February 16 - April 5, 2015
Crucifixion Meditations is an exhibition of drawing prints by John Steczynski, MFA (Yale) and Aileen Callahan, MFA (Boston University). Both artists are affiliated with the Fine Arts Department of Boston College (Callahan teaches currently and Steczynski is recently retired) and both treat the Crucifixion as a vehicle for spiritual, prayerful reflection which is removed from political perspectives.
These drawings have been exhibited in Gargan Hall, Bapst Art Library, Boston College; The Lied Gallery, Creighton University; Graduate Theological Union Library; Pius XII Memorial Library, St. Louis University; Raynor Library, Marquette University; and DiMenna-Nyselius Library, Fairfield University.
Both artists are included in the book The Crucifixion In American Art by Robert Henkes (McFarland & Co. 2003).
These drawings do not narrate the story of the Crucifixion.
For Steczynski, his images evolve out of colored ink hatchings. They relate to post-modernism in their use of the appropriation, eclecticism and focus on the body. They are to operate as visual prayers that have their roots in devotional experience. They derive from the tradition of imagery inspired by devotion, piety and faith. The imagery is focused on as mystery and presence. The images are thus always the same as the same time that they change when placed in different contexts. Thus, the "Crucifixion(s) in a time of..." etc.
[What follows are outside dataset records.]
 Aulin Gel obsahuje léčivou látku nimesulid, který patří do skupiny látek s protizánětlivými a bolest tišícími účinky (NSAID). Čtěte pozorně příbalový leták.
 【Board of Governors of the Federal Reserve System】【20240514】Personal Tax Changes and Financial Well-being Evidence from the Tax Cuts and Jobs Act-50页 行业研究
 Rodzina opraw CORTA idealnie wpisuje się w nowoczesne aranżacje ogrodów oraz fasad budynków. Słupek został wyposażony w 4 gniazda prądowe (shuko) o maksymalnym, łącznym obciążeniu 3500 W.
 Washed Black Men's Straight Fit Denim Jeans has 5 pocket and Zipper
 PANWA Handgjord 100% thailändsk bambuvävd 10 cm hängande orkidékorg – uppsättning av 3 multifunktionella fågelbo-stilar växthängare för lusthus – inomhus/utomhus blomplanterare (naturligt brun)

Callahan's work has expressionist line and charcoal glimpses of a head, shoulders, crown of thorns, and dark instruments as though a scene is moving and one's view is a fragment. The drawings are not places in a sequence which records an event, but rather are places to repeat the feelings and focus on the theme as a meditation. The titles work with the drawings to allow multiple meanings and capture "gestures" of the images. The viewer is near the image. The viewer is in its space.